Marysville is bisected by a north–south railroad operated by BNSF Railway, carrying freight as well as Amtrak Cascades passenger trains that do not stop in Marysville. The nearest passenger rail station is located in Everett, also served by intercity bus service; the Tulalip Tribes listed plans to build a train station at NE 116th Street in Marysville in the 2010s. The railroad, which includes a spur line to serve Arlington, has 23 total level crossings in Marysville that cause traffic congestion on intersecting streets. The nearest municipal airports to Marysville are Arlington Municipal Airport and Paine Field in Everett, while the nearest international airport is Seattle–Tacoma International Airport, 45 mi to the south. A private airport and housing development, Frontier Airpark, is located between Marysville and Granite Falls.

Marysville is bisected by the Centennial Trail, a multi-use trail running along the eastern part of the city near State Route 9 between Snohomish and Arlington.
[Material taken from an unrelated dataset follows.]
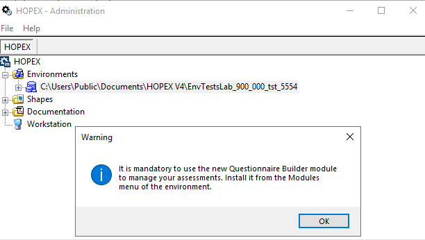 A message indicates you have to install the Questionnaire Builder module to manage your assessments.

The city also has plans to build a 30 mi network of trails, including the partially-completed Ebey Slough waterfront trail, under transmission lines in eastern Marysville, and in the Lakewood area.

===Utilities===

Electric power in Marysville is provided by the Snohomish County Public Utility District (PUD), a consumer-owned public utility that sources most of its electricity from the federal Bonneville Power Administration (BPA). The BPA operates the region's system of electrical transmission lines, including Path 3, a major national transmission corridor running along the eastern side of Marysville towards British Columbia. Puget Sound Energy provides natural gas to Marysville residents and businesses; two major north–south gas pipelines run through eastern Marysville and are maintained by the Olympic Pipeline Company, a subsidiary of BP, and the Northwest Pipeline Company, a subsidiary of Williams Companies.

The City of Marysville provides municipal solid waste collection and disposal services, while contracting Waste Management for mandatory single-stream recycling and optional yard waste disposal. The municipal government also provides water and wastewater treatment to residents and businesses within city limits and in the surrounding area. Marysville's water system is granted water rights for up to 20.71 e6USgal/day, sourced from the Stillaguamish River, Spada Lake, and a well at Edward Springs near Lake Goodwin. The water system includes several pumping stations and over 297.6 mi of water pipes. Marysville's wastewater system empties into a wastewater treatment plant south of the city with a daily capacity of 20,143 lbs/day. The city has 210 mi of sewage pipeline and 15 pump stations. Stormwater treatment is also handled by the municipal Public Works Department and consists of 185 mi of storm lines, 11,914 storm drains, and 346 detention ponds. The city built a 7 acre regional stormwater treatment plant in 2003 and took control of local treatment in 2007. Areas annexed into the city of Marysville are transferred to municipal water and waste services through agreements between the city and the Snohomish County PUD.

Marysville is served by three telecommunications companies that provide cable television, landline telephone, and Internet service: Comcast Xfinity and Astound Broadband (formerly Wave Broadband) service the city using coaxial cable, with the latter primarily present in North Lakewood, whereas Ziply Fiber uses digital subscriber line (DSL) and fiber-optic cable.

===Health care===

Marysville does not have a general hospital, but is located near the Providence Regional Medical Center in Everett and Cascade Valley Hospital in Arlington. The city has several community clinics, including two operated by The Everett Clinic and one operated by Providence. A clinic operated by Kaiser Permanente is planned to open in Smokey Point in 2020. A $22 million psychiatric hospital in Smokey Point with 115 beds opened in June 2017.